Let me put on hold this CL since there are some serious issues regarding using POSIX semaphores since they don't recover after process crash - will think more about it and will send a patch later.
Decided to stick to file locks since they support process crash recovery both in Posix and Windows implementations.
Main changes:
- Use %UUID%/.lock file for synchronization purposes.
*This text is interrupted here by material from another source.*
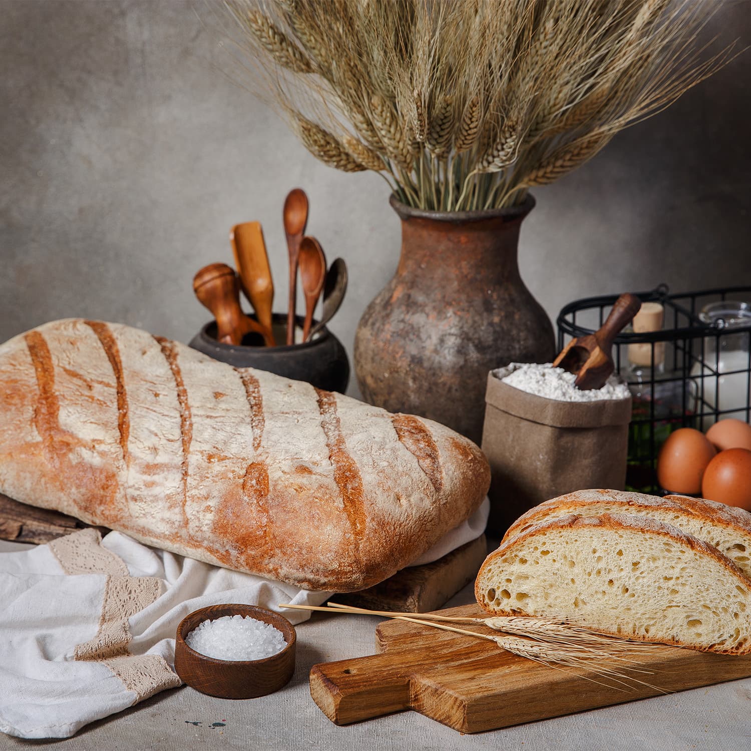 мука пшеничная хлебопекарная высший сорт, вода питьевая, мука пшеничная хлебопекарная крупчатка, масло оливковое, соль поваренная пищевая, дрожжи хлебопекарные, пряные травы(базилик,розмарин)

- Download a module to %UUID%/.temp file so iut can be moved to a final file in the same directory without need to copy it.
- Obtain a file lock as a very first step in GetAndPut - just as a safety precaution if rename operation isn't atomic.
AFFECTED FILES
/lldb/trunk/include/lldb/Host/LockFile.h /lldb/trunk/include/lldb/Host/LockFileBase.h /lldb/trunk/include/lldb/Host/posix/LockFilePosix.h /lldb/trunk/include/lldb/Host/windows/LockFileWindows.h /lldb/trunk/lldb.xcodeproj/project.pbxproj /lldb/trunk/source/Host/CMakeLists.txt /lldb/trunk/source/Host/common/LockFileBase.cpp /lldb/trunk/source/Host/posix/LockFilePosix.cpp /lldb/trunk/source/Host/windows/LockFileWindows.cpp /lldb/trunk/source/Target/Platform.cpp /lldb/trunk/source/Utility/ModuleCache.cpp /lldb/trunk/source/Utility/ModuleCache.h
USERS
ovyalov (Author)
I think we should change from returning int to either returning or taking by reference an lldb_private::Error. The same applies for the rest of the functions.
The same applies for all the rest of the functions. I know you are just copying the old API format, but maybe if it's not too much additional churn this would be a good time to convert this API to use the Error class.